Islation of Neural Crest-Derived Pluripotent Stem Cells in Adult Dental Tissue

         D. Pelaez, C.Y. CH Huang, HS Cheung (Miami VA Healthcare System, Miami, FL)

Cellular potency, or the potential for a cell to differentiate down various tissue lineages, is the defining characteristic as to the viability of the cell source for a given application. With the establishment of ESC, the idea of utilizing pluripotent cell sources for regenerative medical applications was introduced as a promising alternative to traditional medical practices. However, there are ethical dilemmas as well as immunological concerns arising from the use of ESC in clinical settings. The advent of induced pluripotent stem cells (iPSCs) attempted to circumvent both of these issues and brought the concept of patient-specific pluripotent stem cell attainment to the forefront of the field. This iPSC technology is still in its early stages, the scientific community is trying to decipher the mechanisms underlying the induction of pluripotency and overcome the aberrant epigenetic changes arising from the implementation of the technique. Nevertheless, the potential of obtaining pluripotent stem cells from adult tissues is of significant importance and remains as the ultimate goal in overcoming the limitations presently found with other post-natal stem cell populations.

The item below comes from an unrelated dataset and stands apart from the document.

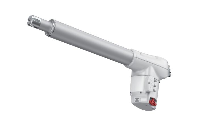 The actuator is backed by an innovative first-failure-proof control PCB, equipped with a microcontroller and status LEDs for real-time monitoring. It includes connection ports for a handset, power supply (PP.120-36), and the option to connect a second actuator, making it versatile and easy to integrate into systems.
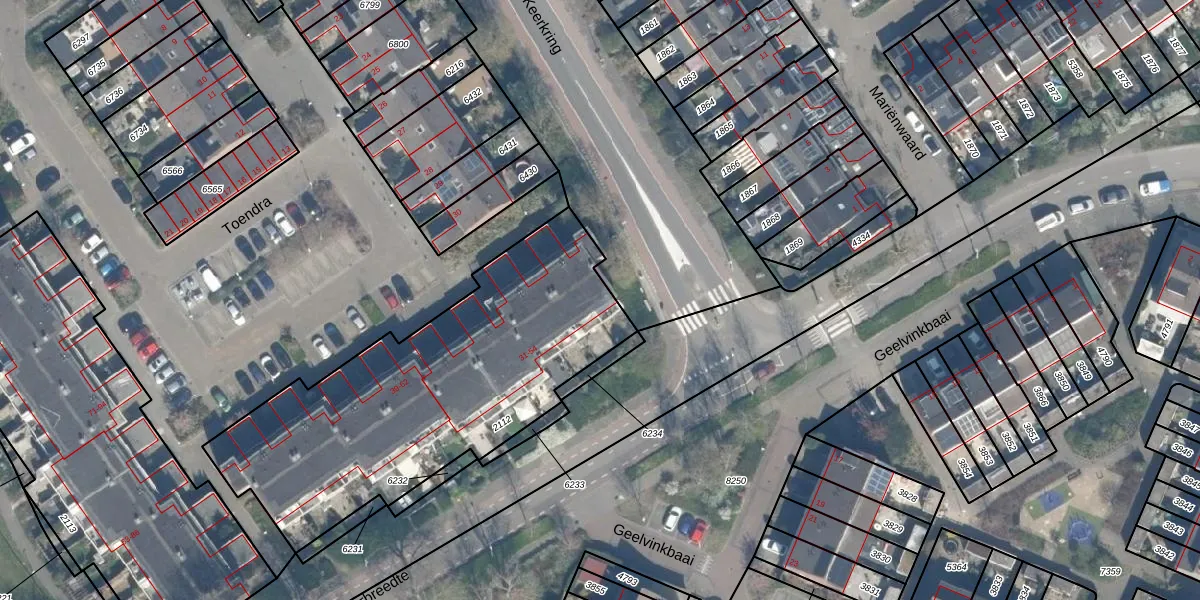 Het perceel waarop Toendra 47 staat heeft een oppervlakte van 1654 m². Dit is een zeer groot perceel. De perceeloppervlakte wordt geregistreerd door het Kadaster. Gedetailleerde informatie over de maten van dit perceel kunt u vinden in het rapport Kadastrale kaart met maatvoering van Toendra 47.

Identification and isolation of pluripotent stem cells in adult tissues represents an important advancement in the fields of stem cell biology and regenerative medicine. Work has been performed on the identification of biomarkers that can isolate stem cells residing in neural crest-derived adult tissues. The neural crest is an excellent model in stem cell biology as cells from it migrate extensively and contribute to the formation of diverse tissues in the body during organogenesis. Migration of these cells is modulated in part by gap junction communication amongst the cell sheets. Here we present a study in which selection of connexin 43 (Cx43) expressing cells from human adult periodontal ligament yields a novel pluripotent stem cell population. Cx43⁺ periodontal ligament stem cells express pluripotency-associated transcription factors OCT4, Nanog, and Sox2, as well as neural crest-specific markers Sox10, p75, and Nestin. When injected in-vivo into an immunodeficient mouse model, these cells were capable of generating teratomas with tissues from the three embryological germ layers: endoderm, mesoderm, and ectoderm. Furthermore, the cells formed mature structures of tissues normally arising from the neural crest during embryogenesis such as eccrine sweat glands of the human skin, muscle, neuronal tissues, cartilage, and bone. Immunohistochemical analysis confirmed the human origin of the neoplastic cells as well as the ectodermal and endodermal nature of some of the structures found in the tumors. These results suggest that Cx43 may be used as a biomarker to select and isolate remnant neural crest pluripotent stem cells from adult human tissues arising from this embryological structure. The isolation of these cells through routine medical procedures such as wisdom teeth extraction further enhances their applicability to the regenerative medicine field.